His primary research interests include fault diagnosis and operational optimization of HVAC systems, diagnosis and prediction of whole-building energy consumption, and the application of transfer reinforcement learning in HVAC system optimization. He has led numerous research projects, including the Young Scientists Fund of the National Natural Science Foundation of China (Grant No. 51508394) and the Shanghai Pujiang Talent Program (Grant No. 15PJ1408100). He has published over 30 academic papers in prestigious journals such as Energy and Buildings and Applied Energy.

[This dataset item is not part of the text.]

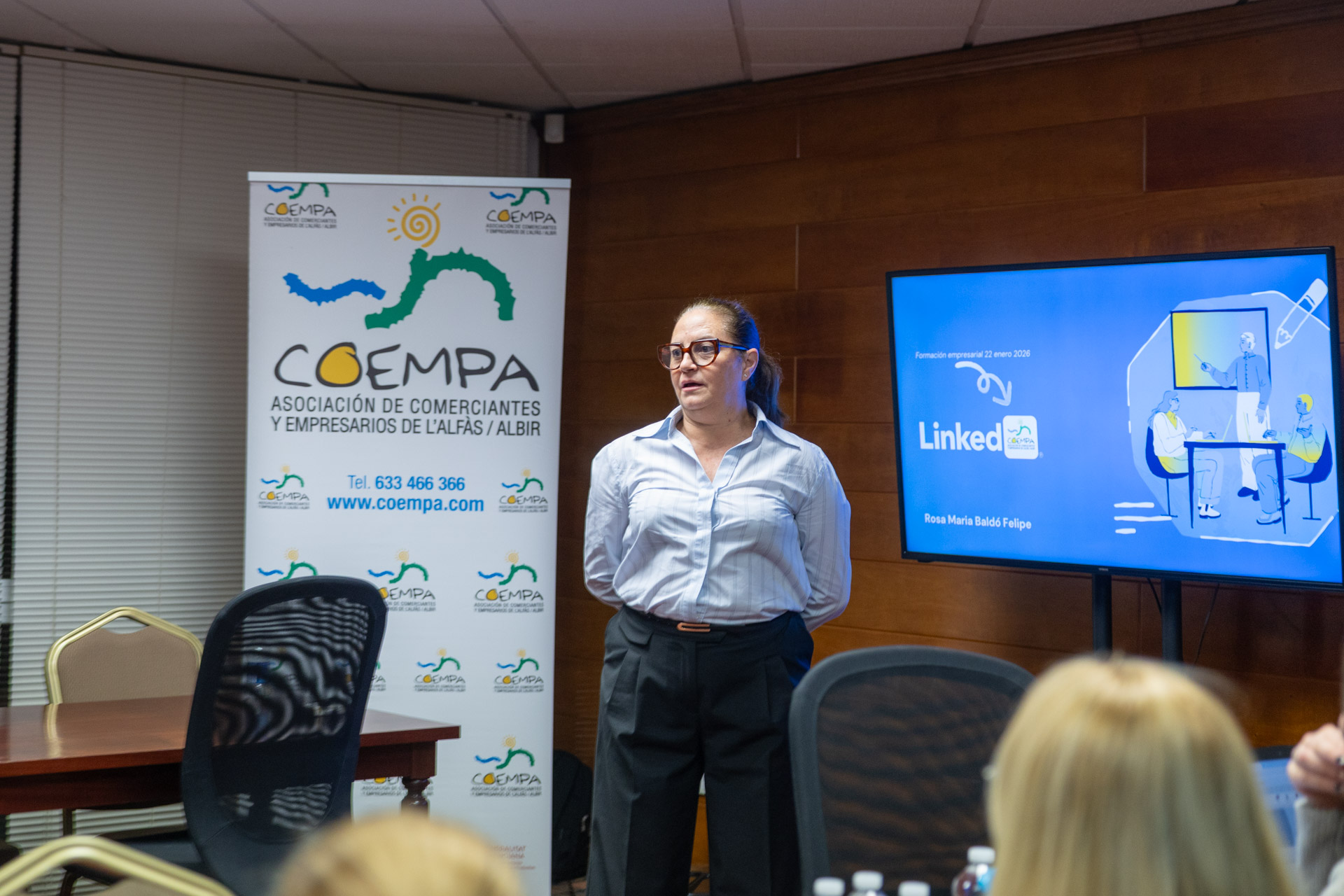 La experta Rosa Baldó ha sido la encargada de impartir este práctico taller, dirigido a todos los públicos y muy especialmente a las empresas y comercios asociados a COEMPA al centro de negocios .

His accolades include the Best Paper Award at the 3rd U.S. National Conference of IBPSA (2008) and a Team Award in the Student Competition at the International Conference of IBPSA (2009). Currently, he serves as the Deputy Director of the Intelligentization Professional Committee under the HVAC Industry Technology Innovation Alliance, and as a Committee Member of the Building Commissioning and Operation & Maintenance Professional Committee under the China Association of Building Energy Efficiency.

Abstract

Reinforcement learning (RL) offers a model-free approach to HVAC cooling side control but imposes a high start cost that is prohibitive for newly commissioned systems: the agent operates near-randomly in the early training stage, wasting energy before a useful policy is learned. Transfer reinforcement learning (TRL) addresses this by initializing the target agent with knowledge from a pretrained source agent. However, prior TRL work in building control has applied a single algorithm to a single type of source-to-target mismatch, leaving a critical question unanswered: does the structural form of the agent carrier — the Q-table in Q-learning, the layer-decomposed Q-network in DQN, or the full policy network in DDPG — determine how much transferred knowledge survives when the target system differs from the source in equipment quantity, capacity, and topology. This paper presents TRL methods for Q-learning, DQN, and DDPG, each evaluated across three target systems that differ from a common source system along one configuration dimension each. A component-level gray-box cooling side model serves as the simulation environment, and an exhaustive search baseline establishes a theoretical performance ceiling. The results confirm that the detailed RL algorithm is the primary determinant of transfer effectiveness, and that topology is the critical boundary condition. Equipment quantity caused the least degradation across all three algorithms, with convergence speed improving by 46–64% after transfer. Topology produced the most divergent outcomes: DQN achieved its largest convergence improvement (69.2%), while DDPG produced negative transfer — the only case in the study where transfer yielded a worse converged result than learning from scratch. Across all cases, TRL improved convergence speed by 27–69% but final steady-state performance by only 0.77–3.37%, establishing that transfer functions as a convergence accelerator rather than a performance amplifier in cooling side control.